WORK ITEM.
Lines from the one containing "Магистраль на участке" through the final line of the data, restated word for word and free of pictures, make up the whole answer.

SUPPLIED MATERIAL.
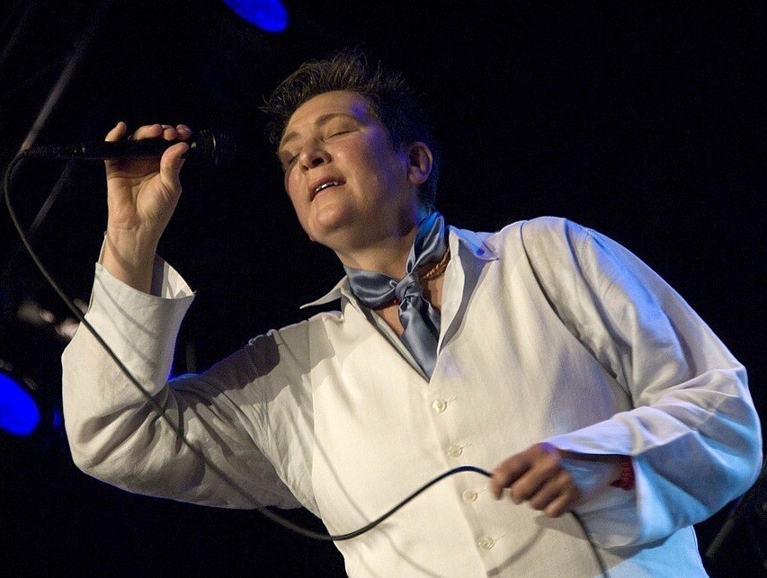 Image: Country artist k.d. lang performs in 2008 as part of the Cambridge Folk Festival (Photo by Bryan Ledgard / Creative Commons).
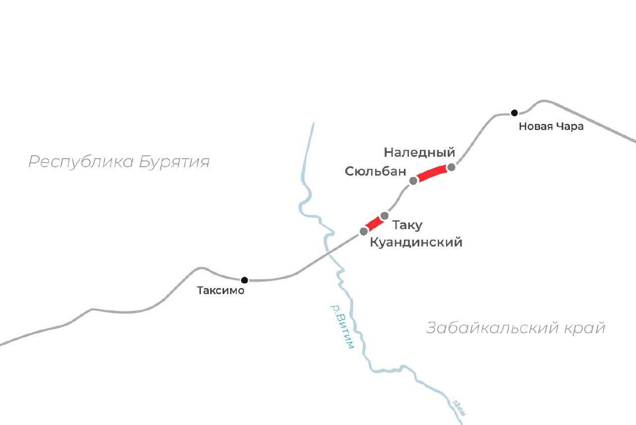 Магистраль на участке проходит по территории вечномерзлых грунтов. При модернизации участка объем земляных работ, в том числе с применением охлаждающей наброски для сохранения вечной мерзлоты в основании насыпи, составил почти 115 тыс. куб. м. Было построено 12,2 км нового пути, смонтировано 5 стрелочных переводов, проложено более 44 км кабеля системы сигнализации, централизации и блокировки.
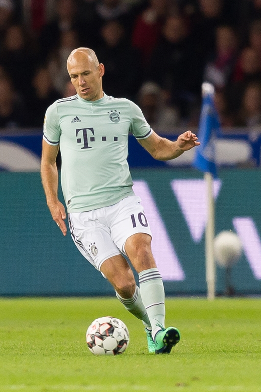 一瞬「おや?」と思わせるアリエン・ロッベン。しかし履いているのは、お気に入りらしい旧モデルの『エックス 17.1』だ。
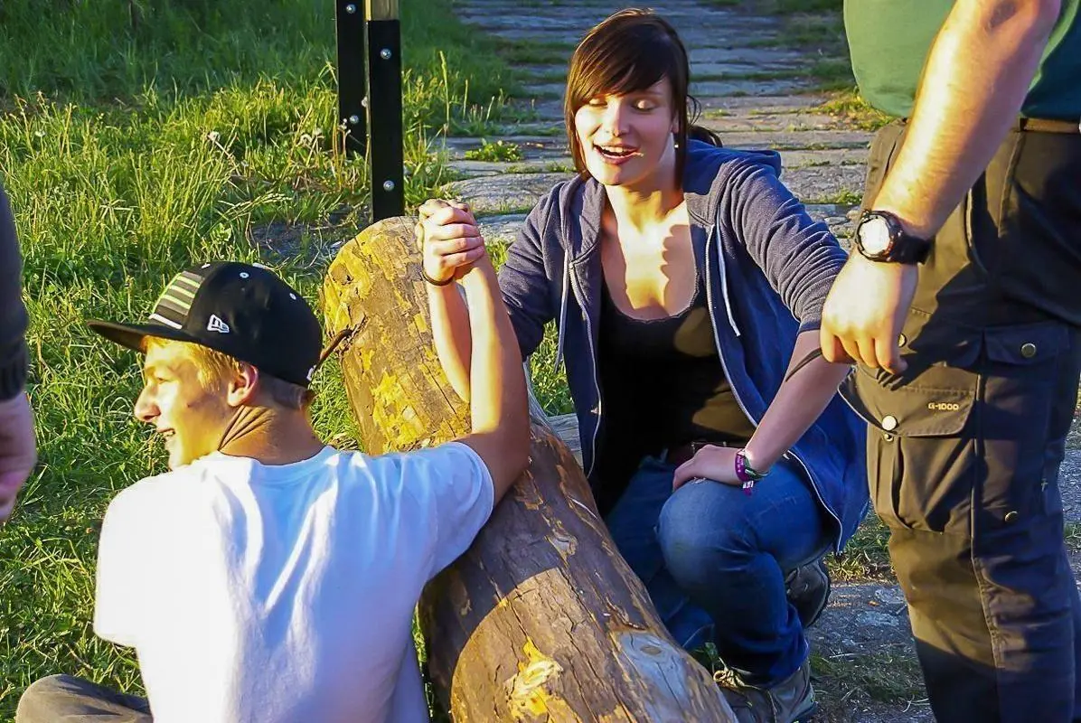 Zwei Personen halten sich an einem Holzstamm fest, während eine dritte Person zuschaut

ANSWER BELOW.
 Магистраль на участке проходит по территории вечномерзлых грунтов. При модернизации участка объем земляных работ, в том числе с применением охлаждающей наброски для сохранения вечной мерзлоты в основании насыпи, составил почти 115 тыс. куб. м. Было построено 12,2 км нового пути, смонтировано 5 стрелочных переводов, проложено более 44 км кабеля системы сигнализации, централизации и блокировки.
 一瞬「おや?」と思わせるアリエン・ロッベン。しかし履いているのは、お気に入りらしい旧モデルの『エックス 17.1』だ。
 Zwei Personen halten sich an einem Holzstamm fest, während eine dritte Person zuschaut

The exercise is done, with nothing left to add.